Черному дулу – грудь и висок…

Для советских пропагандистов «белые», конечно же, враги, палачи. А для Цветаевой враги «красных» – воины-мученики, самоотверженно противостоящие силам зла. Что она и сформулировала с предельной четкостью – белогвардейская рать святая…

Общее в советских пропагандистских текстах и стихах Цветаевой то, что враги «красных» – непременно «белые».

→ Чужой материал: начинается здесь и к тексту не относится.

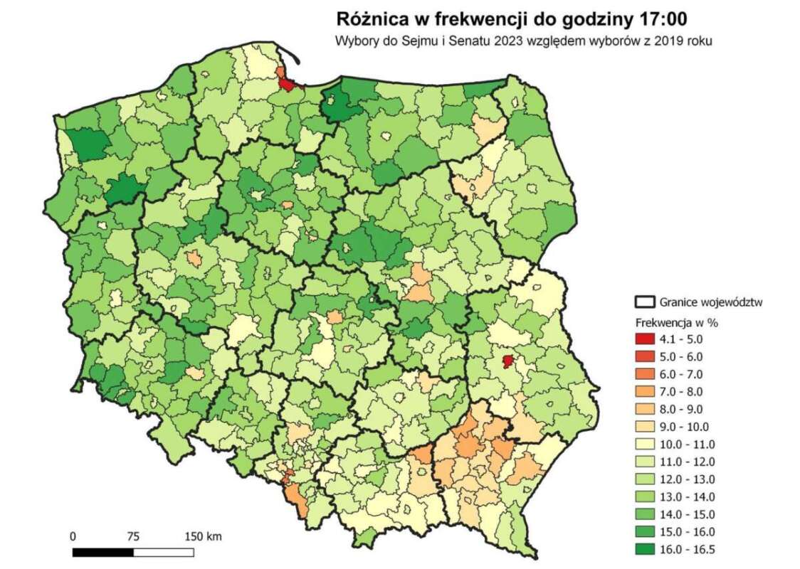 L’affluenza alle urne per le elezioni parlamentari in Polonia alle 17, solo quattro ore prima della chiusura dei seggi, è stata del 57,54% come riporta il sito della Commissione elettorale polacca. Si tratta di 12 punti in più rispetto alla precedente tornata, quella del 2019, quando alla stessa ora aveva votato il 45,94% degli aventi diritto. Considerando che il dato finale di quattro anni fa era stato del 61,7%, il secondo più alto dopo quella delle prime elezioni democratiche del 1989 (che era stato pari al 62,7%), quello odierno dovrebbe dunque risultare senza precedenti.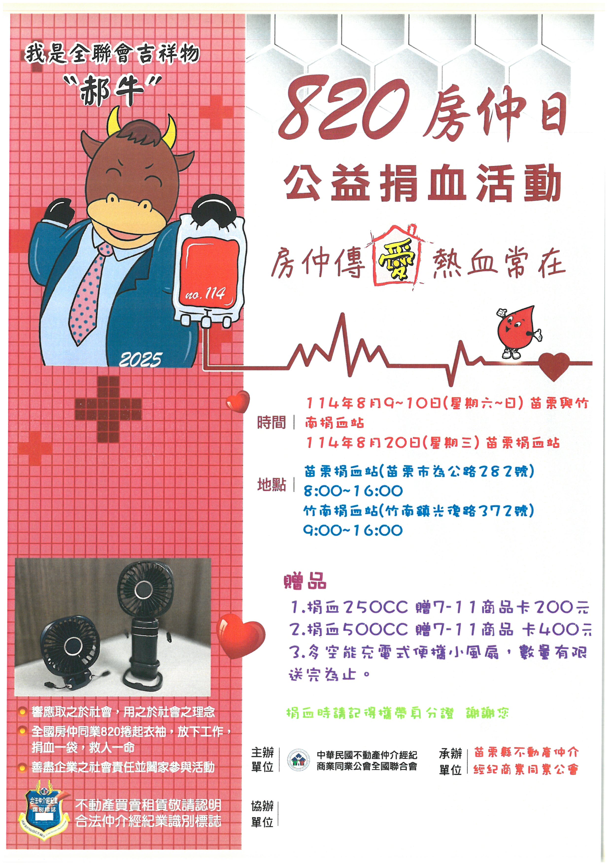 訂於114年8月9~10日(六~日)及8月20日(三)在竹南鎮與苗栗市捐血站均有820房仲日公益捐血活動,備有7-11商品卡與精美贈品(數量有限.送完為止),房仲傳愛熱血常在,捐血一袋救一命,邀請您一起做愛心活動。檔案下載(SKM_C454e25072114290_0001.jpg)

Русскую гражданскую войну Цветаева осмысляла в терминах Великой французской революции. В терминах французской гражданской войны. Корнилов формировал Добровольческую армию на Дону. Потому Дон для Цветаевой – легендарная Вандея, где французские крестьяне сохранили верность традициям, верность королю, не признали революционное правительство, сражались с республиканскими войсками. Корниловцы – вандейцы. О чем прямо сказано в том же стихотворении:

Старого мира последний сон:

Молодость, доблесть, Вандея, Дон…

Навязанный большевистской пропагандой ярлык стал для Цветаевой действительно знаменем. Логика традиции.

Корниловцы воюют с «красными», с войсками советской республики. В газетах корниловцев, а затем и деникинцев, называют «белыми». Их называют монархистами. Для Цветаевой тут нет противоречия. «Белые» – монархисты по определению. Цветаева ненавидит «красных», ее муж у «белых», значит, и она монархистка.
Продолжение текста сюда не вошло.